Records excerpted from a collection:
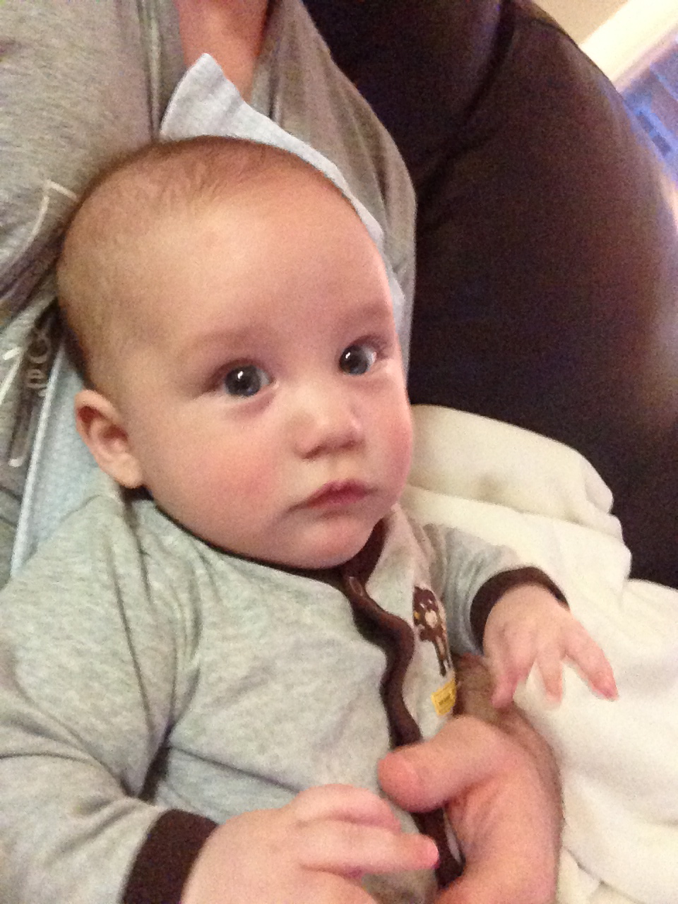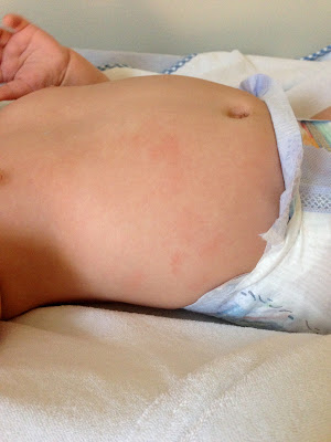 Milestones: First allergic reaction :( He also pulled my glasses off my face for the first time. I was used to the hair pulling, but this was a surprise to me!
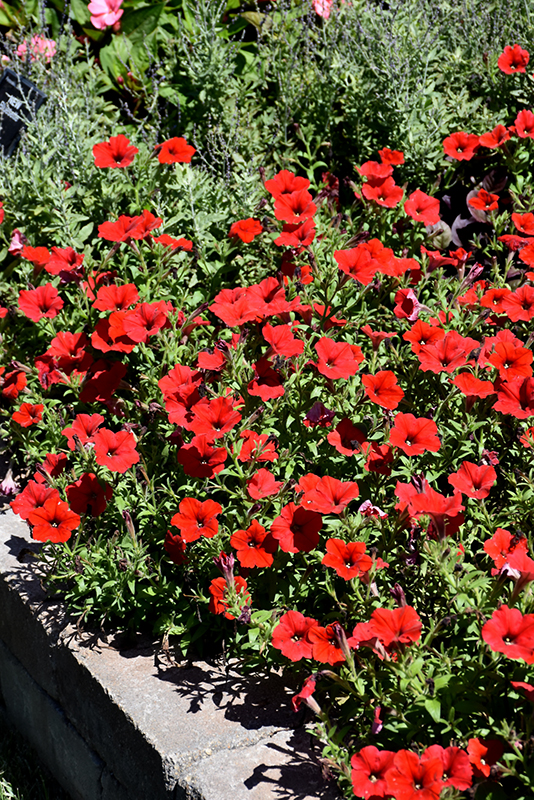 Easy Wave® Red Petunia is a fine choice for the garden, but it is also a good selection for planting in outdoor containers and hanging baskets. Because of its trailing habit of growth, it is ideally suited for use as a 'spiller' in the 'spiller-thriller-filler' container combination; plant it near the edges where it can spill gracefully over the pot. Note that when growing plants in outdoor containers and baskets, they may require more frequent waterings than they would in the yard or garden.
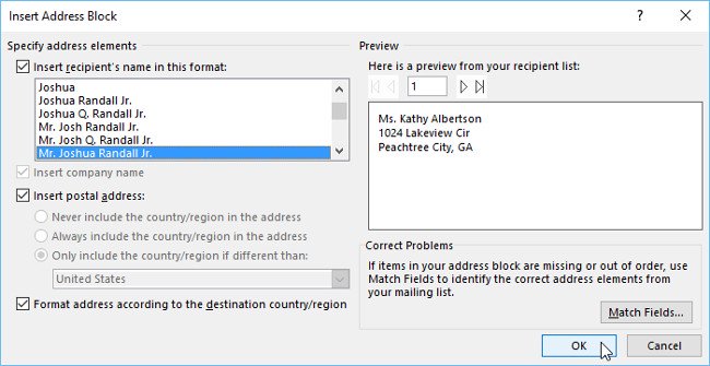 4. Trong hộp thoại Mail Merge Recipients, bạn có thể chọn hoặc bỏ chọn từng ô để kiểm soát những người nhận được bao gồm trong hợp nhất. Theo mặc định, tất cả người nhận phải được chọn. Khi hoàn tất, hãy nhấp vào OK.
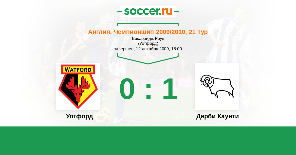 Англия. Чемпионшип 06.03.2010 Дерби Каунти Логотип футбольный клуб Дерби Каунти 2:0 Логотип футбольный клуб Уотфорд Уотфорд
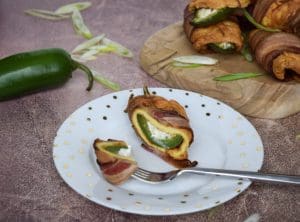 Well, I’ve been doing some fun work with the brand, Cloudies, and they tasked me with a Super Bowl recipe. And this one is SO fun! Rather than stuffing the jalapeños fully with cream cheese that can make them heavier I decided to lighten them up with a mixture of cream cheese plus greek yogurt then added minced green onion, salt and pepper and optional chipotle powder. Wrapped that in a cheddar Cloudies and then wrapped that in a piece of bacon. What is NOT to like about that fun situation?!
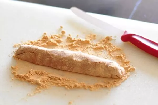 3、台にきなこで打ち粉をし、(2)を取り出して転がしながら棒状に成形する。
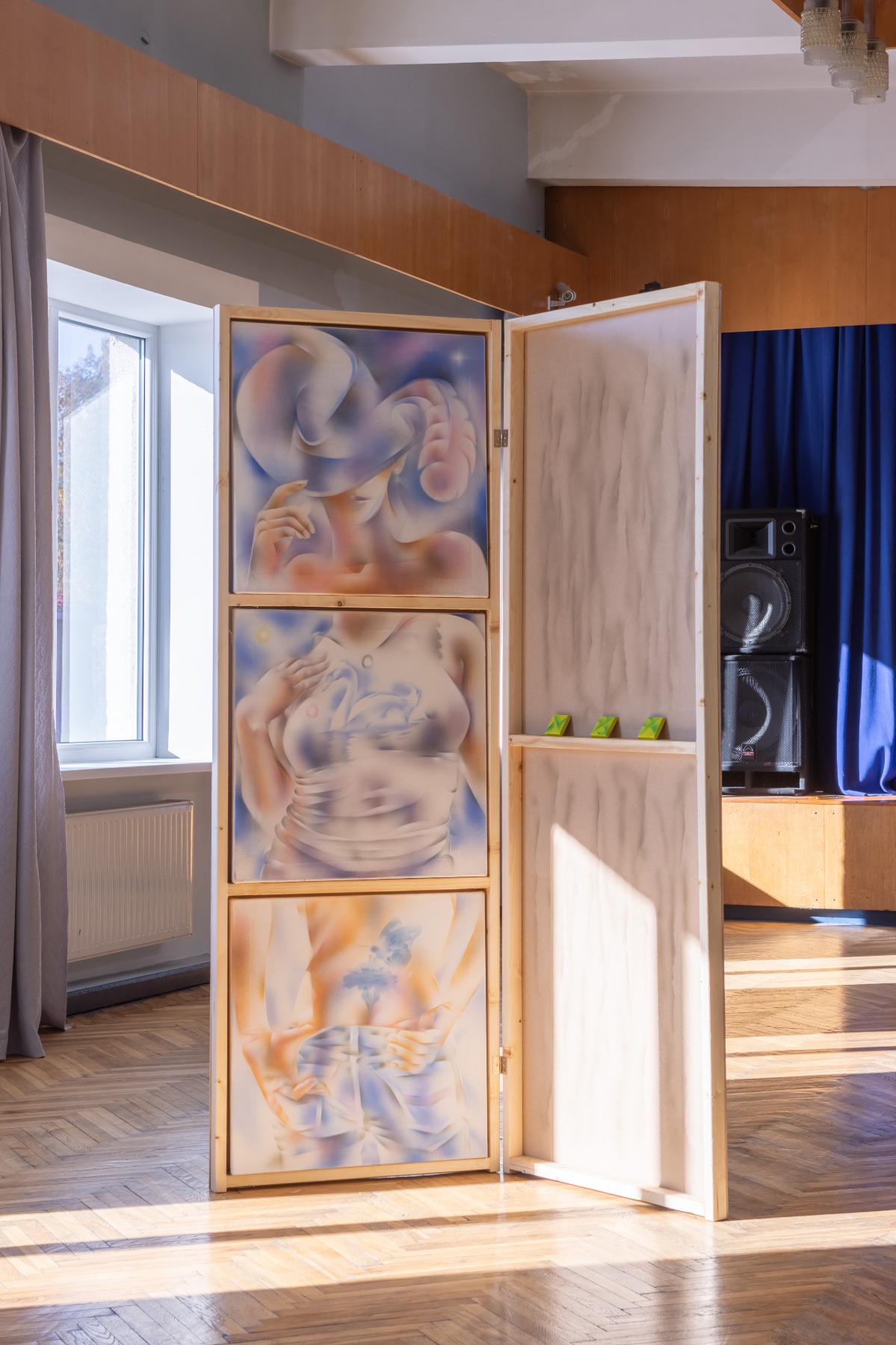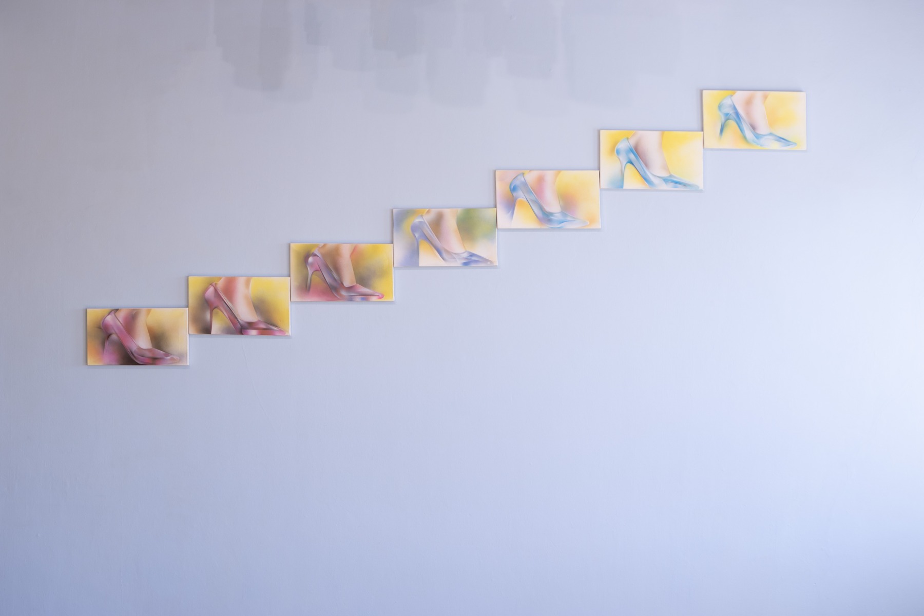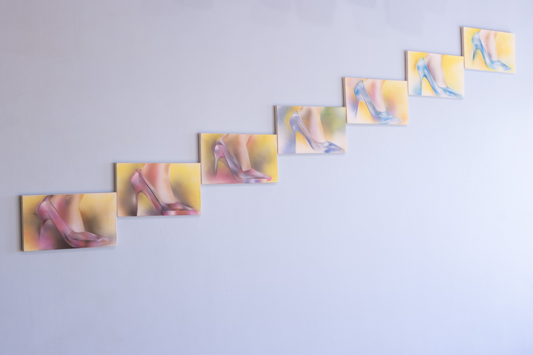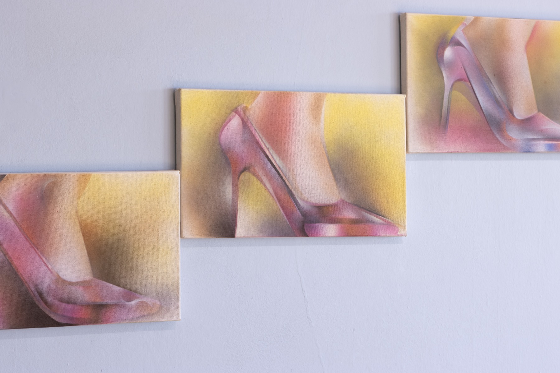 “Glezniecībā mani interesē tīras un skaistas formas, bieži vien saturs ir sekundārs. Sieviešu kurpīte ir tikai kurpīte, bet daudzkārt pavairota uz audekliem, tā veido stāstu un iegūst jaunu nozīmi. Manos darbos bieži vien komiskais spēlējas ar romantisko. Es gleznoju ar aerogrāfu, izmantoju stencilus. Šajā tehnikā darbi veidojas dūmakaini asi, attēlotais saplūst un izplūst, līdzīgi kā sapnis, ko mēģini atcerēties, bet sanāk tikai fragmentāri.

**Exercise brief**
Repeat the records above exactly, leaving out any pictures they contain.

**Expected answer**
 Milestones: First allergic reaction :( He also pulled my glasses off my face for the first time. I was used to the hair pulling, but this was a surprise to me!
 Easy Wave® Red Petunia is a fine choice for the garden, but it is also a good selection for planting in outdoor containers and hanging baskets. Because of its trailing habit of growth, it is ideally suited for use as a 'spiller' in the 'spiller-thriller-filler' container combination; plant it near the edges where it can spill gracefully over the pot. Note that when growing plants in outdoor containers and baskets, they may require more frequent waterings than they would in the yard or garden.
 4. Trong hộp thoại Mail Merge Recipients, bạn có thể chọn hoặc bỏ chọn từng ô để kiểm soát những người nhận được bao gồm trong hợp nhất. Theo mặc định, tất cả người nhận phải được chọn. Khi hoàn tất, hãy nhấp vào OK.
 Англия. Чемпионшип 06.03.2010 Дерби Каунти Логотип футбольный клуб Дерби Каунти 2:0 Логотип футбольный клуб Уотфорд Уотфорд
 Well, I’ve been doing some fun work with the brand, Cloudies, and they tasked me with a Super Bowl recipe. And this one is SO fun! Rather than stuffing the jalapeños fully with cream cheese that can make them heavier I decided to lighten them up with a mixture of cream cheese plus greek yogurt then added minced green onion, salt and pepper and optional chipotle powder. Wrapped that in a cheddar Cloudies and then wrapped that in a piece of bacon. What is NOT to like about that fun situation?!
 3、台にきなこで打ち粉をし、(2)を取り出して転がしながら棒状に成形する。
 “Glezniecībā mani interesē tīras un skaistas formas, bieži vien saturs ir sekundārs. Sieviešu kurpīte ir tikai kurpīte, bet daudzkārt pavairota uz audekliem, tā veido stāstu un iegūst jaunu nozīmi. Manos darbos bieži vien komiskais spēlējas ar romantisko. Es gleznoju ar aerogrāfu, izmantoju stencilus. Šajā tehnikā darbi veidojas dūmakaini asi, attēlotais saplūst un izplūst, līdzīgi kā sapnis, ko mēģini atcerēties, bet sanāk tikai fragmentāri.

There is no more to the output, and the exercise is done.